> PROVIDED DATA:
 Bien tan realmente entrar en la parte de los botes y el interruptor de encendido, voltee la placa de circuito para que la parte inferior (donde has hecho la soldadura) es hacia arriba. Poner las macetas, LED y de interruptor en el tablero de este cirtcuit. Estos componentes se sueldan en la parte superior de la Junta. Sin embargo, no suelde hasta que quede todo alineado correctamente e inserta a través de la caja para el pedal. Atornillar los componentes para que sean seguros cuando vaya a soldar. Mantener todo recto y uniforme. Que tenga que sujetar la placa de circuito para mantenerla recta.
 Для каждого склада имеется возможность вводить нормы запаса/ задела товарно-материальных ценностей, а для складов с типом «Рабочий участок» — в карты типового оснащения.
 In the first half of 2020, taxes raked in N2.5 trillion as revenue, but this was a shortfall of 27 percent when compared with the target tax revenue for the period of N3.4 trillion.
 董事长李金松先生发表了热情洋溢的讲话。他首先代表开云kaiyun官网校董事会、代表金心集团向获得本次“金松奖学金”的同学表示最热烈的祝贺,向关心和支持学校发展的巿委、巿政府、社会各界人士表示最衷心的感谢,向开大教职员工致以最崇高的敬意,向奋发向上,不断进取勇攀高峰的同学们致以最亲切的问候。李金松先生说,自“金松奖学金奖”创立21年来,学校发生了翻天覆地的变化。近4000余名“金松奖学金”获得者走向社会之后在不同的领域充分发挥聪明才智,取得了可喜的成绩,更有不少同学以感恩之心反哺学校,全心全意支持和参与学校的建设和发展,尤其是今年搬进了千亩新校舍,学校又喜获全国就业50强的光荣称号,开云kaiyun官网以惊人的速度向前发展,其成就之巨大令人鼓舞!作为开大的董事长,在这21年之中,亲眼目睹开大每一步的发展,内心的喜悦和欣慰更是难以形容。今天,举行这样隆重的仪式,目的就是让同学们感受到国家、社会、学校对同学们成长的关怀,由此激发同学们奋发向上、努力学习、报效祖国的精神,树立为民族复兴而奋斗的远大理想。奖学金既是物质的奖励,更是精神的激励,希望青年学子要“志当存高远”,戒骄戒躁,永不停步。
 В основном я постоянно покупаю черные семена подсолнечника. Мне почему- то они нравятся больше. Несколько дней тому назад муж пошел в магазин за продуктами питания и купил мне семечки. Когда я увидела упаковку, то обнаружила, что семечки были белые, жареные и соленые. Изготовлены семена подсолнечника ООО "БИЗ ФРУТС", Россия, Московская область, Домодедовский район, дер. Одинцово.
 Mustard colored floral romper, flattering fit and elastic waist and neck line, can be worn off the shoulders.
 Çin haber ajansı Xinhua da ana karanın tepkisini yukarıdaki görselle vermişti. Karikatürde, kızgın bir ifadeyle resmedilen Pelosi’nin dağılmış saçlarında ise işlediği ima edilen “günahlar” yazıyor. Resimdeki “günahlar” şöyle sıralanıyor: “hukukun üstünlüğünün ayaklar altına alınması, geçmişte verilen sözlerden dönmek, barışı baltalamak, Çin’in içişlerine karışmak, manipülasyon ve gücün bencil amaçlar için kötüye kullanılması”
--
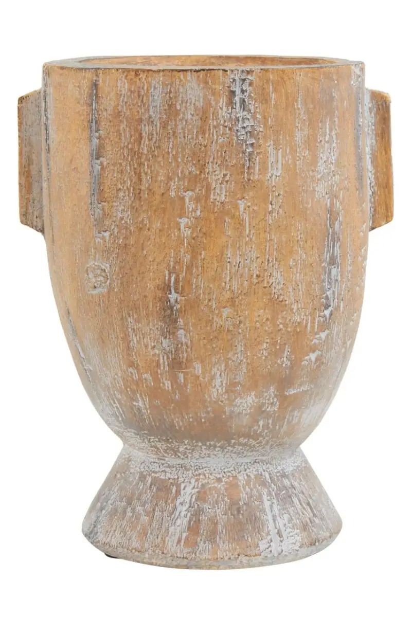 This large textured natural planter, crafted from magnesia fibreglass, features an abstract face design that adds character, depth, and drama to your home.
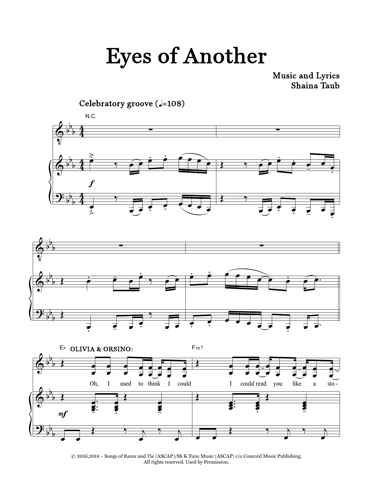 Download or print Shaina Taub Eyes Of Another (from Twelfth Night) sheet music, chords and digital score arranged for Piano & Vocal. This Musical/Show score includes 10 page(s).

> WHAT YOU HAVE TO DO: Taking the entries above, restate exactly those lines that fall between the line with "Для каждого склада" and the line with "In the first", keeping both of those lines too.

> ANSWER SPACE:
 Для каждого склада имеется возможность вводить нормы запаса/ задела товарно-материальных ценностей, а для складов с типом «Рабочий участок» — в карты типового оснащения.
 In the first half of 2020, taxes raked in N2.5 trillion as revenue, but this was a shortfall of 27 percent when compared with the target tax revenue for the period of N3.4 trillion.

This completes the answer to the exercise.